Repeat the data that follows in full. Do not include the pictures.
#### RECORDED INFORMATION
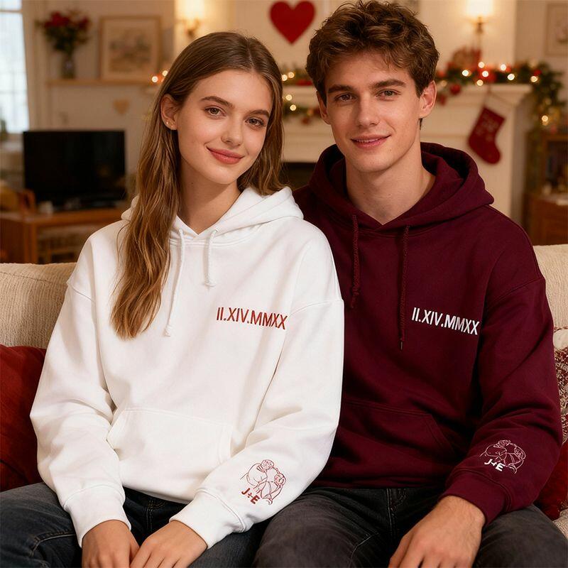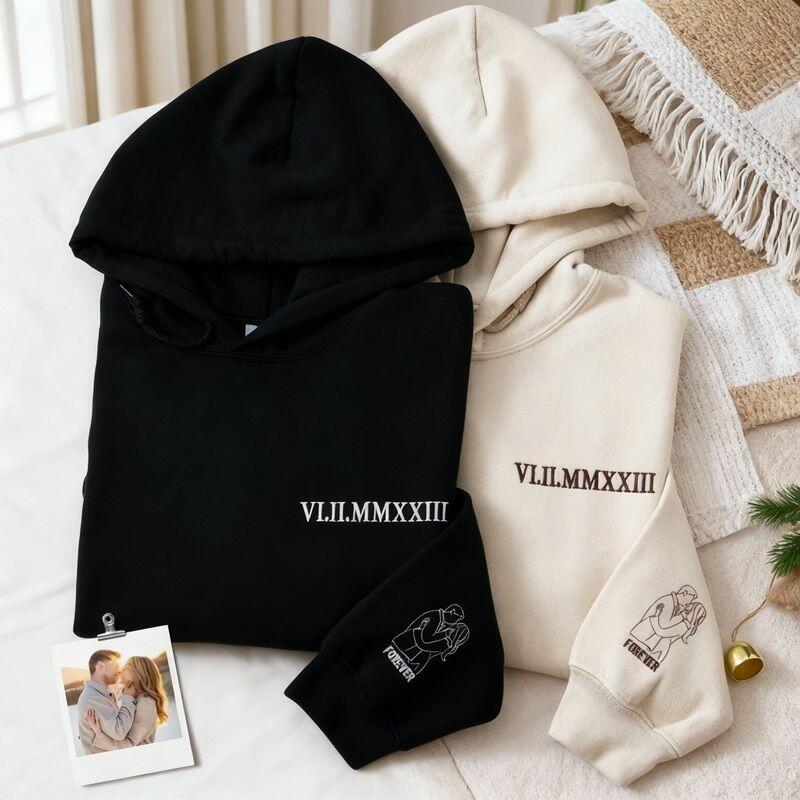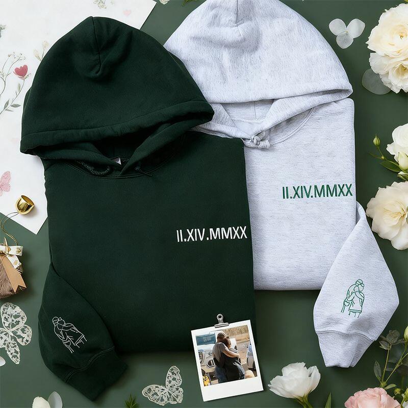 Personalized Hoodie Embroidered Custom Photo with Roman Numeral Date Design Gift for Lover's Anniversary
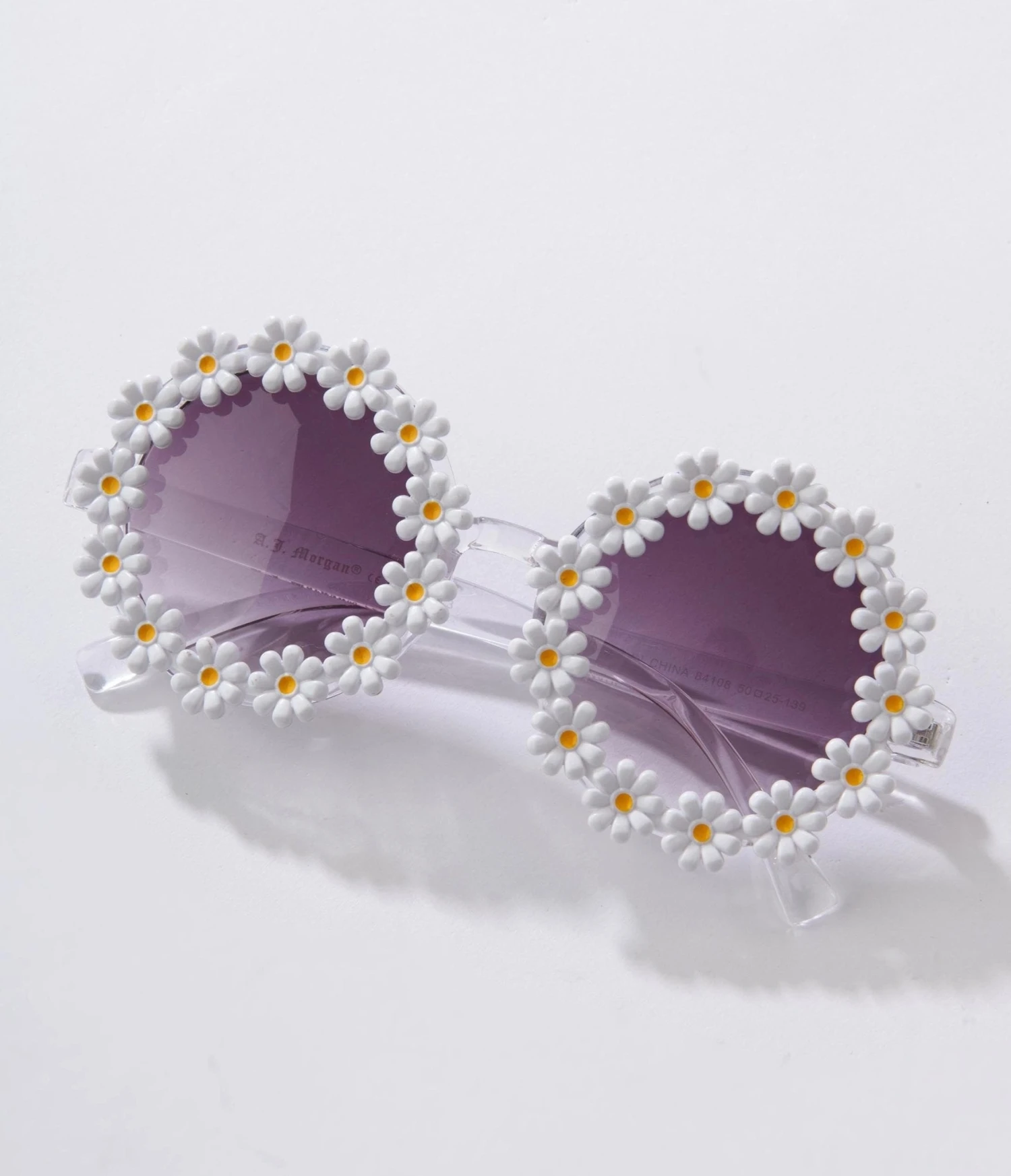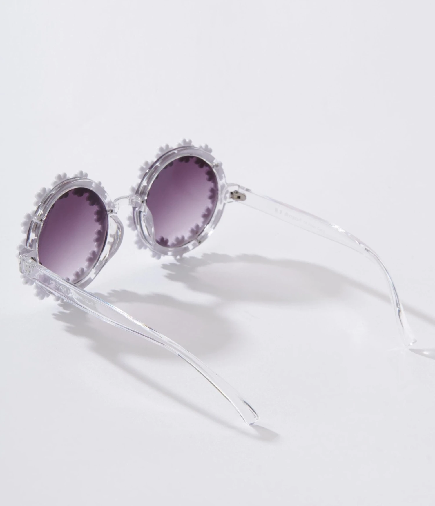Tinted round shaped sunglasses with a white daisy rim. Complete with molded nose and curved arms.
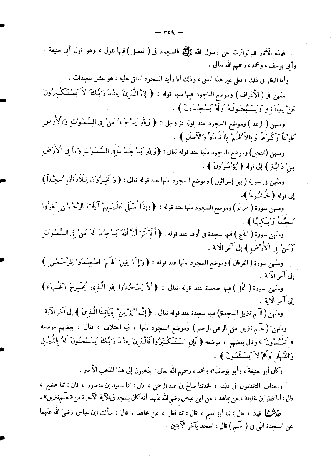 2122 - حَدَّثَنَا فَهْدٌ، قَالَ: ثنا أَبُو نُعَيْمٍ، قَالَ: ثنا فِطْرٌ، عَنْ مُجَاهِدٍ، قَالَ: سَأَلْتُ ابْنَ عَبَّاسٍ رَضِيَ اللهُ عَنْهُمَا عَنِ §السَّجْدَةِ الَّتِي، فِي حم قَالَ: «اسْجُدْ بِآخِرِ الْآيَتَيْنِ»
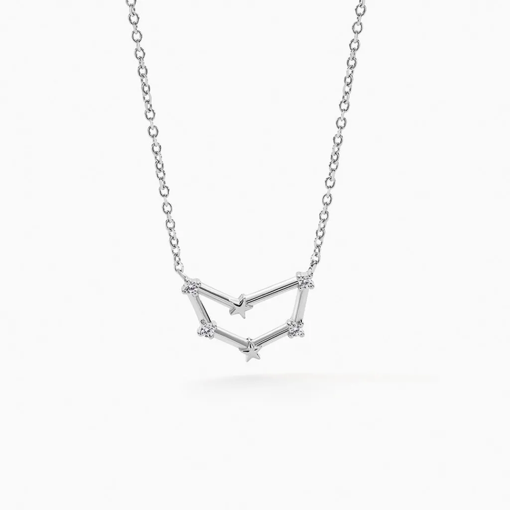Collier Argent Blanc 925/1000 Constellation Zodiaque Capricorne Oxydes De Zirconium Maille Forçat 42+3cm
########
### EXERCISE RESULT
 Personalized Hoodie Embroidered Custom Photo with Roman Numeral Date Design Gift for Lover's Anniversary
Tinted round shaped sunglasses with a white daisy rim. Complete with molded nose and curved arms.
 2122 - حَدَّثَنَا فَهْدٌ، قَالَ: ثنا أَبُو نُعَيْمٍ، قَالَ: ثنا فِطْرٌ، عَنْ مُجَاهِدٍ، قَالَ: سَأَلْتُ ابْنَ عَبَّاسٍ رَضِيَ اللهُ عَنْهُمَا عَنِ §السَّجْدَةِ الَّتِي، فِي حم قَالَ: «اسْجُدْ بِآخِرِ الْآيَتَيْنِ»
Collier Argent Blanc 925/1000 Constellation Zodiaque Capricorne Oxydes De Zirconium Maille Forçat 42+3cm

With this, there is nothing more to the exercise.